Это известие явилось большим ударом для нас, — мы хорошо сжились с Миррой… В то время многих врачей, особенно женщин, переводили с Балтийского флота на сухопутный фронт для усиления его медицинских кадров. Это было естественно и логично. После того как флот, стиснутый ходом военных событии в узком пространстве между Кронштадтом и Ленинградом, сократил до минимума масштабы морских операций и списанные с кораблей моряки начали сражаться на сухопутье, некоторые из госпиталей Балтики оказались без дела и стали один за другим закрываться. Десятки врачей бездействовали, числясь в резерве.
Чтобы успокоить Мирру, я, отчетливо ощущая фальшь и неискренность своих слов, сказал:
— Перестань плакать, успокойся. Ты поедешь на Большую землю, где нет этих ужасных обстрелов и где каждый день перед тобой будет дымиться на столе тарелка с горячим картофелем.
Мирра укоризненно взглянула на меня и вдруг по-детски расплакалась.
Через три дня мы проводили ее в дорогу. Покорная, рассеянная, печальная, она сидела в холодном вагоне и безучастно глядела в окно на запорошенный снегом перрон Финляндского вокзала. Прохрипел последний гудок паровоза, поезд тронулся, и она, через силу улыбнувшись, исчезла в вечернем тумане.
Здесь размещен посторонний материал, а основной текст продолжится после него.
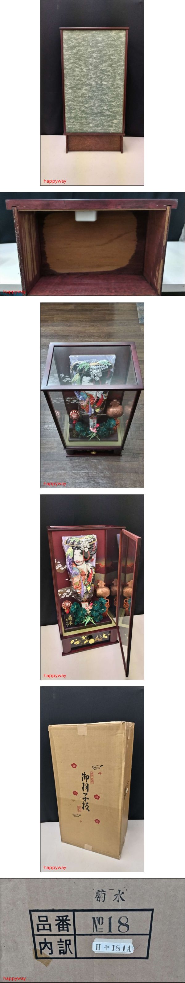 | ご覧頂き、誠にありがとうございます。 迅速・丁寧なお取引を心がけております。 出品詳細を最後まで読んでいただき、入札をご検討下さいませ。 ■商品内容 羽子板飾り お正月飾り 菊水 徳川作 伝統工芸羽子板 18号 オルゴール付き ガラスケース入り ※同梱不可です。 実家の整理品です。 長期保管品ですが目立つ大きなダメージは無い「美品」だと思います。 当方専門知識はございませんのでご了承ください。 ただし個人の感覚の誤差や見逃しがある事もありますので、ご納得うえ、ご入札をお願い致します。 完品をお求めの方や、過度に状態を気にする方は入札をお控え下さいますようお願い致します。 ※こちらの商品は同梱不可商品です。 ※専門外の商品ですので記載事項に誤りがある場合もございますが予めご了承ください。 ■商品サイズ ・ガラスケースサイズ…横38cm×奥行28cm×高さ73.5cm ※素人採寸のため若干の誤差はご容赦ください。 ■商品状態 自宅での長期保管品です。 経年保管に伴う多少の薄汚れや細かな擦れ、埃の付着などの使用感が有ると思います。 前扉はスムーズに開閉します。 オルゴールも問題なくメロディーが流れます。 画像の物が全てになります。 専門家でないためキズ・ヨゴレ・変色・擦れなど見落としがある場合があります。 ご了承ください。 写真でよく確認していただき、納得できる方のご入札をお願いいたします。 * ご注意 * ・画像に写っている物が全てとなります。 ・撮影時の照明等や、お客様のページをご覧になられる環境、(ディスプレイ設定・使用OS・携帯端末の種類) により、実際の商品の色目と多少異なって見える場合がございますので、予めご了承ください。 ・精密な検品を行っておりませんので細かな部分が気になる方はご入札をお控え下さい。 自宅保管の為完璧を求める神経質な方は入札を御遠慮下さいませ。 | ||

Вторая блокадная зима, в противоположность прошлому году, была мягкой, пасмурной, сырой и туманной. На улицах стояли глубокие лужи, в которых таяли хлопья обильно падавшего рыхлого снега. Госпитальные служащие ходили по двору в одних кителях. В госпитале бесперебойно действовало центральное отопление (летние лесозаготовки не пропали даром), и стук мотора, подававшего воду, круглые сутки мерно и монотонно разносился по нашему зданию. В палатах не было того лютого холода, который мучил раненых в прошлую зиму. На территории госпиталя горел электрический свет, правда — не совсем регулярно, но зато весело и уютно. Город получал ток издалека. Как источники аварийного освещения, повсюду все еще стояли наготове заправленные коптилки. Нередко операцию, комфортабельно начатую под чудесными лучами бестеневой лампы, приходилось заканчивать при Мерцании коптящего фитиля или свечного огарка. Работала городская радиосеть, но передачи часто прерывались сигналами воздушной тревоги или артиллерийских обстрелов. Классическая симфония неожиданно сменялась воем сирены и грохотом орудийного огня.
Редкий день и редкая ночь проходили спокойно. С ближайших улиц ежедневно доставляли в госпиталь раненых. Их привозили на случайных машинах или приносили на руках. Ходить по городу становилось все затруднительней и опасней. Среди полной тишины вдруг начинали стремительно падать снаряды, уничтожать людей, разрушать стены домов.
Как-то после обеда в отделение пришел навестить друга молодой краснофлотец. На щеках его играл свежий румянец, над губой темнели короткие усики, весь он был олицетворением юности и отваги. Когда он собрался уходить обратно, где-то неподалеку на вечереющих улицах послышались звуки обстрела. Я стоял в коридоре и видел, как матрос одевался у вешалки и торопливо застегивал надраенные золотистые пуговицы шинели. Я сказал ему, что сейчас уходить опасно, лучше переждать, пока прекратится обстрел.
— У меня, товарищ доктор, увольнение до шести часов, — ответил он, глядя на свои огромные, с выпуклым стеклом, ручные часы. — Уж как-нибудь доберусь до дому. Счастливо оставаться.
Он козырнул, повернулся и ушел, тщательно прикрыв за собою дверь.
— Не желала бы я быть сейчас на его месте, — проговорила дежурная сестра и сочувственно покачала головой.